Please, without the pictures, retype exactly the lines from the start of the material through the line that holds "Cette robe asymétrique".

Available data:
------------

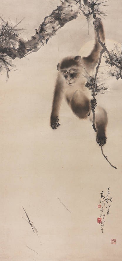 高奇峰《松猿图》,画面中一猿猴吊挂松枝,刻画精微,形神逼真。“这件画作既有西方透视技法的特点,也可见深厚的中国传统绘画功底,堪称高氏绘画精品与代表佳作。”
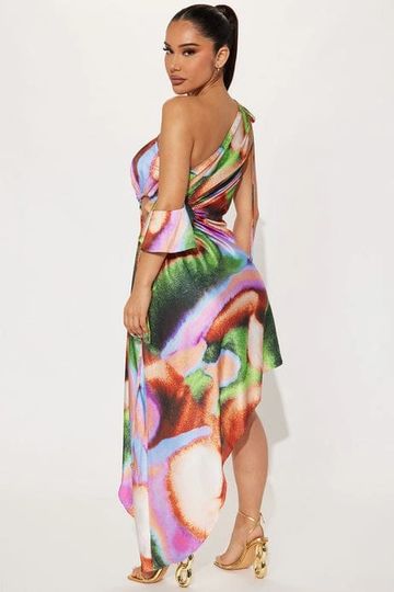 Cette robe asymétrique au motif vibrant et coloré est une véritable œuvre d’art. Sa coupe fluide et moderne met en valeur la silhouette tout en apportant une touche originale et sophistiquée. Idéale pour une soirée, un événement spécial ou une sortie élégante, elle garantit un look unique et audacieux. 🎨✨
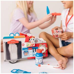 O transportador de madeira em forma de caminhão de resgate Marshalls PAW Patrol é um conjunto de primeiros socorros com 14 peças essenciais para qualquer missão de resgate. Com um cartão de missão preso na lateral do transportador, as crianças podem virar o bloco para mostrar o nível de emergência e girar o botão para escolher o crachá de um filhote para ajudar. As ferramentas EMT incluem um termômetro rolante, uma seringa, um frasco de remédio, bandagens, pinças, tesouras e um tubo de pomada. O conjunto também vem com clipes de raio X presos na lateral do transportador para que as crianças possam escolher o ajudante de Marshall e as ferramentas necessárias para a próxima missão de resgate. Com uma alça de transporte conveniente, este conjunto é um ótimo presente para crianças em idade pré escolar, de 3 a 5 anos, para brincadeiras práticas e sem tela. A Patrulha Canina está sempre pronta para ajudar, inspirando crianças em idade pré escolar com uma mistura de trabalho em equipe, aventura e humor à medida que desenvolvem habilidades sociais, emocionais e de desenvolvimento através da brincadeira.

------------

Finished task:
 高奇峰《松猿图》,画面中一猿猴吊挂松枝,刻画精微,形神逼真。“这件画作既有西方透视技法的特点,也可见深厚的中国传统绘画功底,堪称高氏绘画精品与代表佳作。”
 Cette robe asymétrique au motif vibrant et coloré est une véritable œuvre d’art. Sa coupe fluide et moderne met en valeur la silhouette tout en apportant une touche originale et sophistiquée. Idéale pour une soirée, un événement spécial ou une sortie élégante, elle garantit un look unique et audacieux. 🎨✨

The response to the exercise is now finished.